Why do you eat it? Because you are a good little WASP and you do what Mummy told you to do. I eat broccoli once a week. I hate broccoli, but once a week I take a deep breath and eat it. I eat it on pasta, I eat it under a sauce of butter and mustard and capers, I eat it all mixed up with chicken and soy sauce and other wonders of Chinese cuisine — but any way you cook it, any way you slice or dice it, any way you crunch or munch it, it’s still broccoli, and I still hate it. Yet I keep right on eating it, and no doubt will continue to do so after they deposit me in the great broccoli patch in the sky.
But there may be other lenses through which to view Bush’s distaste for broccoli. A Texan by way of New England prep schools and Yale University, Bush easily slipped into the meat-and-potatoes (more like barbecue and white bread) bravado of the Lone Star State. To men of his generation, vegetable bashing was something of a sport, akin to calling someone’s manhood into question if he dared to prefer a bowl of greens over a flame-grilled steak, a marbled hunk of meat that arrived on your plate only after the toil of tough, bloodstained men on ranches and in slaughterhouses.

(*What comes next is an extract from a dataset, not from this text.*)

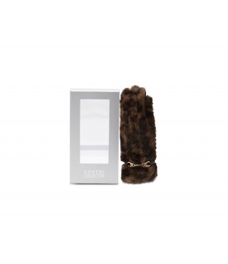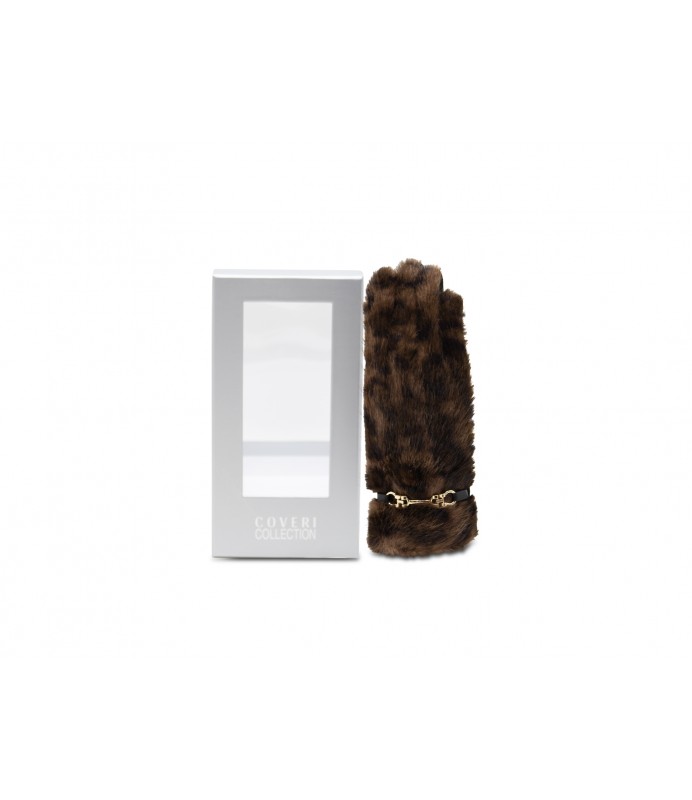 Handschuhe mit Kunstfellrücken und Schmuckelement am Handgelenk, speziell für die Verwendung mit Touchscreen-Geräten entwickelt.

Yet even in the early 1990s, Bush was the one increasingly out of step with his fellow Americans, who were consuming more broccoli than ever. In a March 1994 story for the New York Times, the respected food writer Molly O’Neill noted that Bush, in denouncing broccoli, was “dismissing the taste of the incumbent generation.”
“American consumption of broccoli has soared, from 187 million pounds a year in the early 50s to five times that today,” O’Neill continued. “And this could not have happened without the approval of the generation responsible for America’s culinary revolution — the baby boomers.”
Fast forward almost 20 years to a Kids’ State Dinner in 2013 when President Obama told the gathered young ones that his favorite food was — you guessed it — broccoli. Then again, the dinner was hosted by first lady Michelle Obama, whose White House garden was a universal symbol for the kinds of healthy and locally grown foods that could help America’s children shed some extra pounds. Obama could not have mentioned hamburgers and pork chops — two of his faves — anymore than he could have said kids need to watch more TV.
But even Obama’s alleged endorsement — and the growing consensus that vegetable consumption is better for the environment than meat consumption — couldn’t persuade Bush to give broccoli a second chance. Nor could a 5-year-old named Cooper who wrote the former president a letter in 2016 that read in part: “Mr. President, broccoli is really good for you. I wish you liked broccoli like I do.”
Bush replied via his Twitter account, flashing his famous sense of humor and his usual intransigence on broccoli.
“Proud of young Cooper’s interest in healthy eating,” the president tweeted. “His declared love of broccoli is genuine, if also unpersuasive.”